**The task**
Transcribe the entries below word for word, beginning at the line with "You can text" and stopping after the line with "Schön, dass Du"; drop all pictures.

**Record set**
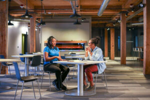 Imani Fluellen meets with student advisor, Dominesha Newton, at SBEC’s offices in downtown St. Louis.
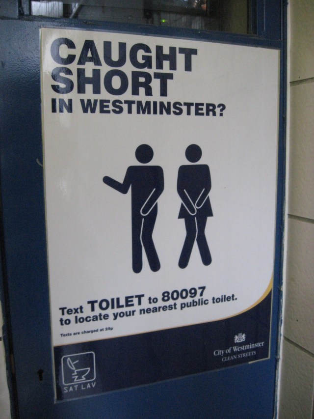 You can text to find the nearest public toilet. That’s an improvement.
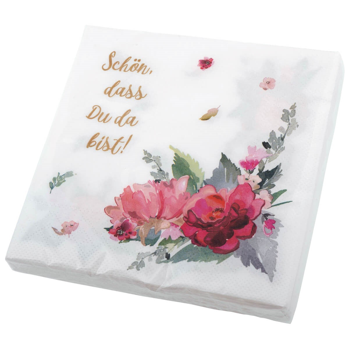 Schön, dass Du da bist - Servietten (20 Stück - Motiv Rosen)
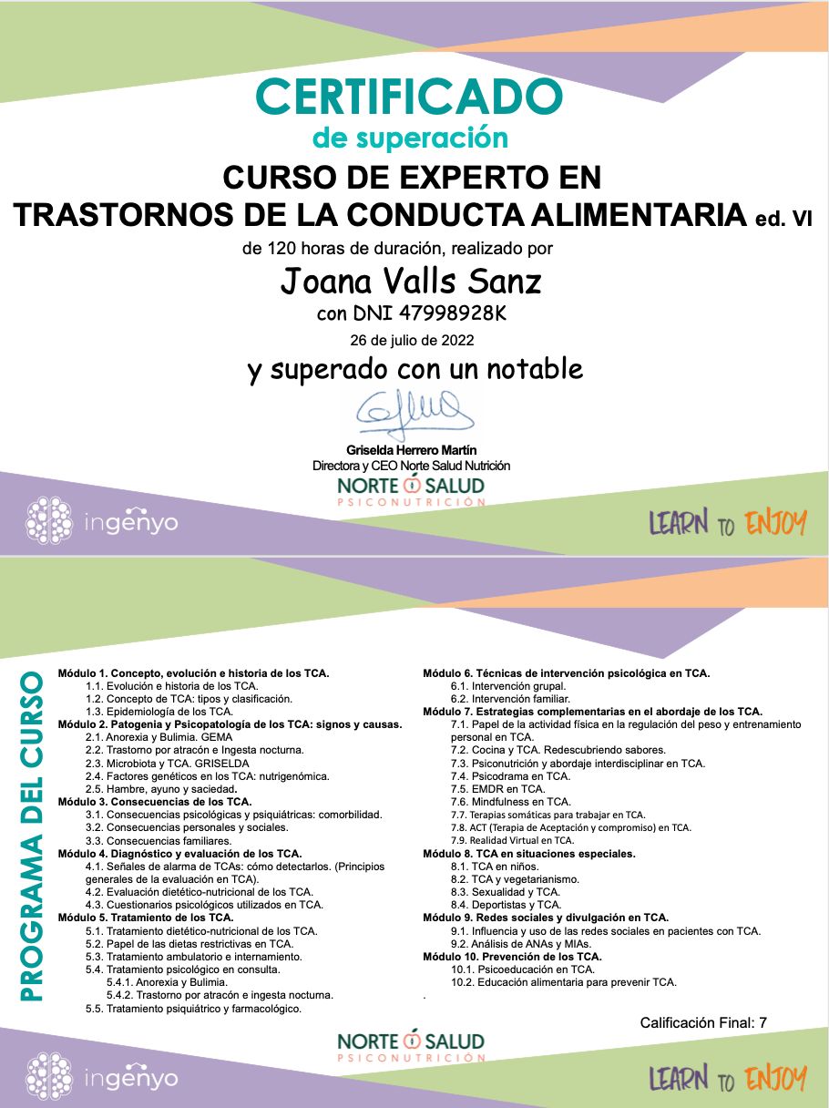 Estoy muy agradecida por el acompañamiento de Joana durante estos meses. Me ha ayudado en la preparación de mi maratón y también en la gestión de mi colitis ulcerosa y del SIBO, siempre desde la empatía, la cercanía y un gran conocimiento profesional. Gracias a su guía he aprendido a adaptar mi alimentación, mejorar mi rendimiento y, sobre todo, a sentirme mejor en mi día a día. Me he sentido escuchada, comprendida y apoyada en todo momento. Sin duda, una profesional totalmente recomendable por su trato humano y su implicación.
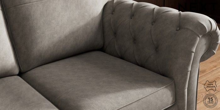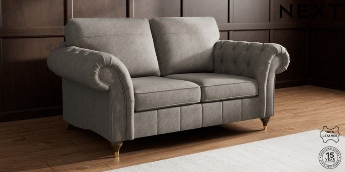 7.0.3 Buy Gosford Button Arm Leather 2 Seater Sofa Antiqued Leather Grey Modern Turned Metal Cap - Mid from the Next UK online shop Click here to use our accessible website
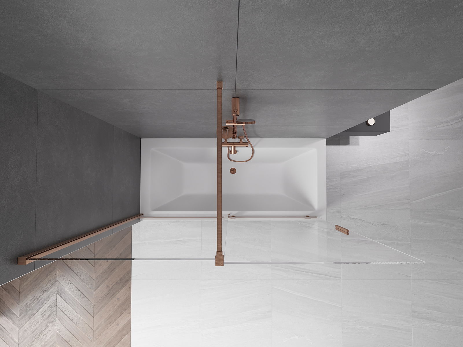 Mexen Velar dviejų dalių stumdomas vonios ekranas 170 x 150 cm, skaidrus, šlifuotas varis - 896-170-000-01-65
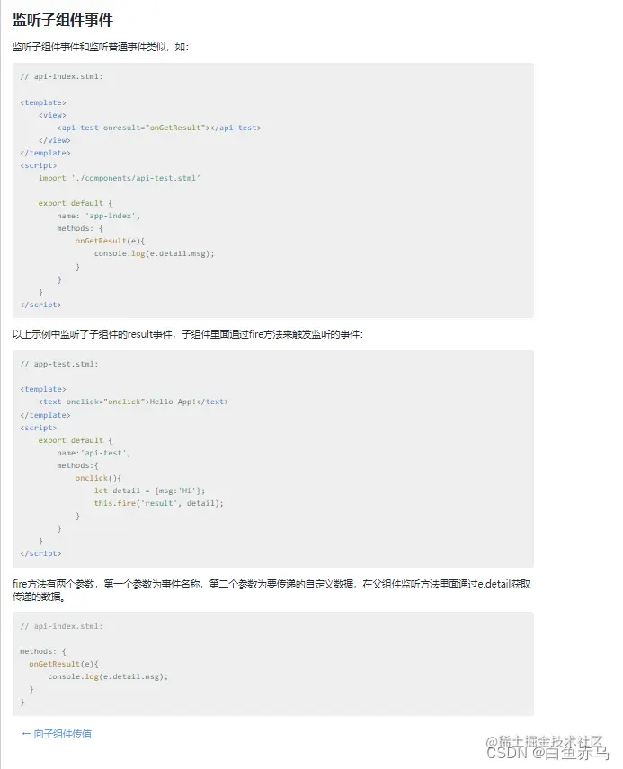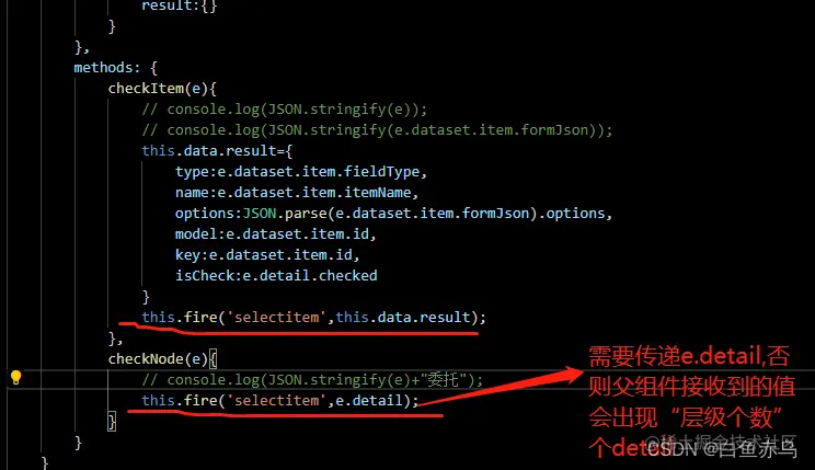 fire方法有两个参数,第一个参数为事件名称,第二个参数为要传递的自定义数据,在父组件监听方法里面通过e.detail获取传递的数据。 在递归调用子组件的监听方法中给父组件传递参数的时候需要去e.detail,不能直接传e,否则会出现多个detail的层级。
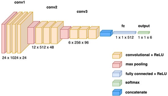 where weighting w and bias b are the updating parameters of the Full Connection layer, and the ReLU is the activation function as . For the classification of six classes, the Softmax function, as , which maps the multiple classification results of the model’s final prediction output to the elements in each vector is located within (0, 1), and the sub-intervals represent the probability distribution of each classification.

**Task answer**
 You can text to find the nearest public toilet. That’s an improvement.
 Schön, dass Du da bist - Servietten (20 Stück - Motiv Rosen)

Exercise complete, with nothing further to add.